Neuroblastoma is the most common form of childhood extracranial tumor and almost half of neuroblastoma cases occur in infants under two years old. Neuroblastoma accounts for ~6‑10% of childhood cancers and 15% of cancer‑associated childhood mortality. However, an effective treatment remains to be developed. Honokiol exhibits long‑lasting central muscle relaxation, anti‑inflammatory, antibacterial, antimicrobial, antiulcer, antioxidation, antiaging and antitumor effects. Honokiol has been previously demonstrated to kill neuroblastoma cells, however, the underlying mechanism of action remains unclear. The present study reports that honokiol inhibits the growth of neuroblastoma cells via upregulation of reactive oxygen species (ROS). MTT assays demonstrated that treatment of Neuro‑2a neuroblastoma cells with honokiol resulted in time‑ and dose‑dependent inhibition of cell proliferation, which was associated with upregulation of the protein expression of receptor‑interacting protein kinase 3 (RIP3), as demonstrated by western blot analysis. Furthermore, knockdown of RIP3 by small interfering RNA, or pharmacological inhibition of RIP3 by the RIP3 specific inhibitor necrosulfonamide, reversed honokiol‑induced loss of cell viability in Neuro‑2a cells. Importantly, honokiol significantly increased the intracellular ROS levels as determined by a 2',7'‑dichlorofluorescin diacetate assay, while ROS scavenger N‑acetyl cysteine significantly prevented the induction of ROS and RIP3 by honokiol. The results of the present study indicate that honokiol may suppress the growth of neuroblastoma Neuro‑2a cells, at least partially, through ROS‑mediated upregulation of RIP3.

Introduction

Neuroblastoma originates from the neural crest of the sympathetic nervous system (1), and is the most common solid tumor in children in terms of incidence and also mortality, with 800 new cases diagnosed each year in the United States (2). Almost half of patients with neuroblastoma are children younger than two years old, with a median age of 17 months at diagnosis. Neuroblastoma accounts for 8–10% of all pediatric malignant tumors and 15% of cancer-associated death in children (35). Patients with neuroblastoma are usually treated with a combination of chemotherapy, surgery and radiation (6). However, the majority of patients will develop certain complications, including infertility, hearing loss and cardiac dysfunction, following these procedures (7). In 2015, the molecular-targeted drug dinutuximab, in combination with granulocyte macrophage colony-stimulating factor, interleukin-2 and isotretinoin, was approved as treatment for high-risk neuroblastoma, however, various serious adverse reactions, which include infusion reactions and neuropathy, have been reported to be associated with this treatment regimen (8). Therefore, it is of high importance to identify and develop treatments for neuroblastoma that exhibit increased potency and reduced side effects.

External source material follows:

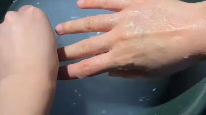 洗好後,用干凈的毛巾或者是紙巾擦乾手上的水分。擦乾水分後,我們現在來看一下手上,這個時候你自己就能感覺到手指在伸展和捏拳頭的過程中變得非常的遊刃有餘,再也不會出現特別緊繃的感覺。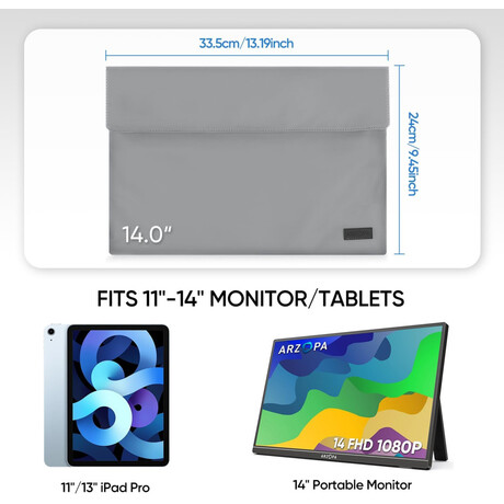The ARZOPA 14" Portable Monitor Sleeve Bag in grey is a premium protective case designed for portable monitors and tablets up to 14.0 inches. Made from high-quality water-resistant PU leather with a soft inner lining, it effectively protects your device from scratches, dust, and light moisture. Its slim and lightweight design allows it to be carried on its own or easily placed inside a backpack, briefcase, or suitcase, making it ideal for work, school, and travel.

Honokiol [2-(4-hydroxy-3-prop-2-enyl-phenyl)-4-prop-2-enylphenol] is a soluble, nontoxic, natural small-molecule polyphenol from the magnolia plant. It has been reported to inhibit thegrowth of various types of cancer cells (9), including oral squamous cell carcinoma (10), glioblastoma multiforme (11), human prostate cancer (12) and melanoma cells (13). A previous report also demonstrated that honokiol kills neuroblastoma cells (14), indicating that honokiol may be a promising agent for neuroblastoma treatment. However, the molecular pharmacology of honokiol in the suppression of cancer cell growth and proliferation is largely unknown.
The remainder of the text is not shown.